We decided to measure cognitive load considering that working on interactive computer simulations and conducting hands-on experiments demand a certain amount of learners’ cognitive resources. Thus, we implemented the cognitive load test by Paas et al. (1994) in the post-test phase as student self-report (Table 2). Therefore, students had to evaluate their perceived cognitive load within two questions on a 7-point rating scale (1 = made no effort at all; 7 = made a real effort). The items were provided by Paas et al. We chose this short scale because it is the most widely used measure of cognitive load due to its reliability and sensitivity and, furthermore, its ease of use (Paas et al., 2003b). Furthermore, since we did not focus on the distinction between intrinsic and extrinsic load in our study, this time-saving two-item scale was particularly suitable.

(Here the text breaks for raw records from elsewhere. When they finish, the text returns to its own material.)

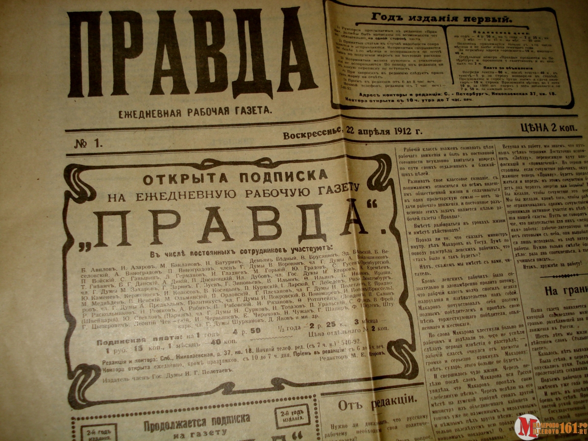 Дорогие товарищи! 5 мая 1912 года вышел в свет первый номер газеты «Правда».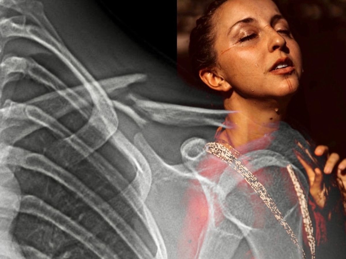 She has been in excruciating pain since the accident and needs to fly back to the states ASAP to get emergency surgery - as the bone is poking into her lungs and vocal chords and protruding like a knife edge up into her chest.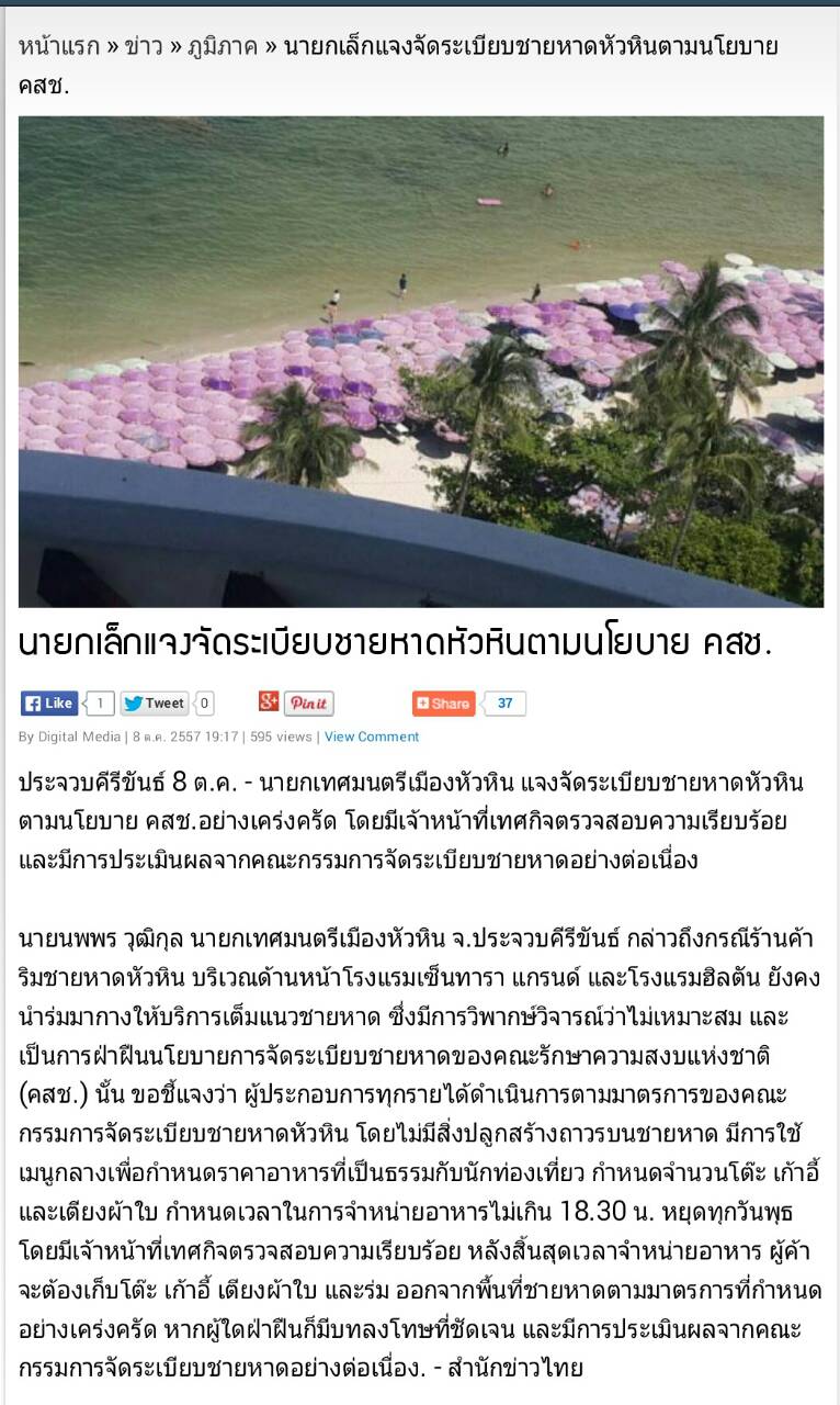 อุต๊ะ!!! เทศบาลหัวหินชี้แจงว่าร่มชายหาดถูกต้องแล้ว...เพื่อนๆเห็นว่าไงคะ? รับได้ไหม?
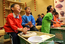 为期四天的首博首届少儿陶艺班圆满结束了。在这短短的四天时间里,小学员了解到了陶艺的相关知识,并亲自动手实践了陶器成型的各种方法。在第一天的知识课学习中,小学员们围坐一堂听老师讲解陶艺的起源,陶与瓷的区别以及一件瓷器的制作流程等相关知识。课程中,每个同学都积极主动与老师进行教学互动,有的同学还认真记笔记。之后的三天实操课,小学员们在老师的手把手示范辅导下完成了自己的两个拉坯成型和一个泥条盘筑成型作品。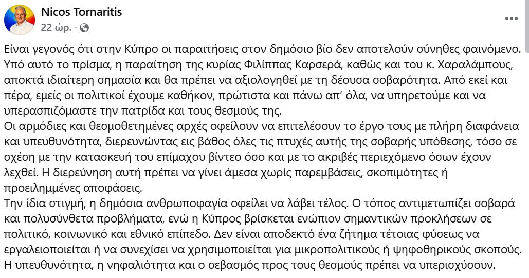 • Από εκεί και πέρα ΕΚΘΕΙΑΖΕΙ έμμεσα αλλά σαφέστατα την ΦΙΛΙΠΠΑ ΚΑΡΣΕΡΑ- ΧΡΙΣΤΟΔΟΥΛΙΔΗ και τον ΧΑΡΑΛΑΜΠΟ ΧΑΡΑΛΑΜΠΟΥΣ, υποδεικνύοντας ότι «οι παραιτήσεις στο δημόσιο βίο δεν αποτελούν σύνηθες φαινόμενο και η πράξη των δυο αποκτά ιδιαίτερη σημασία». Ε, βέβαια όλοι αυτοί που φωνασκούν κατά τον Τορναρίτη ΟΔΗΓΗΣΑΝ τα κόμματα τους στο βάραθρο και στην ανυποληψία χωρίς να αναλαμβάνουν ΟΥΔΕΠΟΤΕ ΕΥΘΥΝΕΣ και να παραιτούνται, παρά μόνο ζητούν ΜΑΝΙΩΔΩΣ από όλους τους άλλους. Εξάλλου, πέραν του αείμνηστου ΚΥΠΡΟΥ ΧΡΥΣΤΟΣΤΟΜΙΔΗ, που παραιτήθηκε από Υπ. Δικαιοσύνης, δεν παρατηρήθηκε και κάποια άλλη εθελούσια φυγή από πολιτειακό- κομματικό αξίωμα, λόγω ΕΥΘΙΞΙΑΣ ή ευαίσθητων αντανακλαστικών.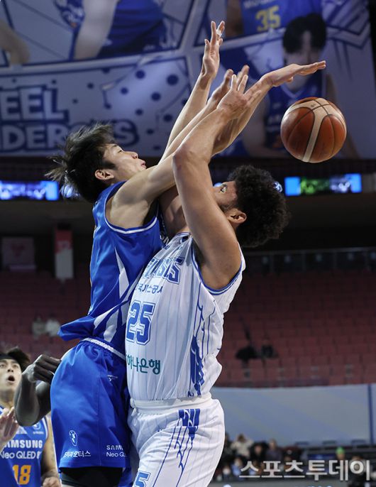 [스포츠투데이 권광일 기자] 2025-2026 LG전자 프로농구 서울삼성와 대구한국가스공사의 경기가 22일 서울 잠실실내체육관에서 열렸다. 삼성 이원석이 블로킹을 시도하고 있다. 2026.01.22. [스포츠투데이 권광일 기자 sports@stoo.com]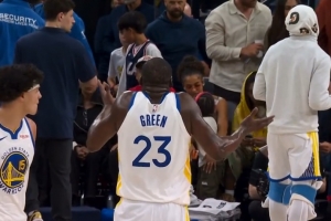 对手归对手!还是Respect!快船球迷脸色铁青推开库里 但碰拳收尾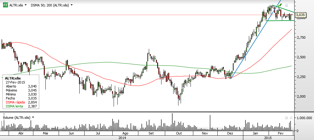 Médias Móveis 50 e 200 - Ascendentes, a MM 200 quase sem declive mas ascendente;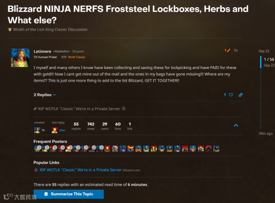 而就在工作室不断炒这些材料价格的时候,却有玩家发现自己囤积到背包内的“偷跑”道具与交易这些道具赚得的金币全都不翼而飞了?!对此,游戏内GM人员给出的解释,则是暴雪上线了一个热修补丁,删除了这些异常出现的物品,来维护WLK怀旧服的稳定运营。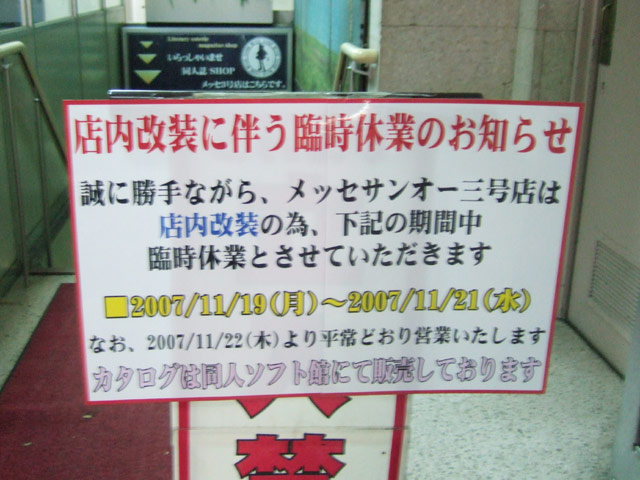 メッセサンオー3号店が店内改装スルみたいで、「店内改装に伴う臨時休業のお知らせ」が出ていました。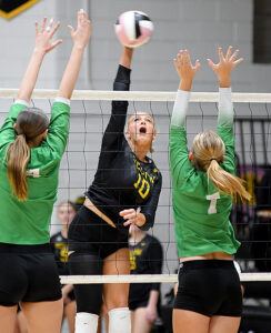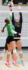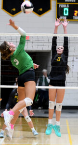 - T-R PHOTO BY ROSS THEDE – BCLUW senior Leah McEwen (6) tries for the block against FAith Shirbroun of Fort Dodge St. Edmond during Monday’s regional semifinal volleyball match in Conrad.

Table 2 Summary of reliabilities (Cronbach’s α) of used scales in the pilot study (N = 44); SI = Situational interest

Interest

We examined interest in biology and chemistry to control differences in individual interest as an influence variable on situational interest. These two disciplines were chosen because they represent the fundamental areas of the topics addressed in both studies. For this purpose, we adapted the test “pleasure and interest in science” for general interest in science to interest in biology and chemistry. The test was originally developed and validated for the PISA study (Frey et al., 2009). The students had to assess five statements each on their individual interest in chemistry and biology using a 4-point rating scale (1 = completely disagree; 4 = completely agree).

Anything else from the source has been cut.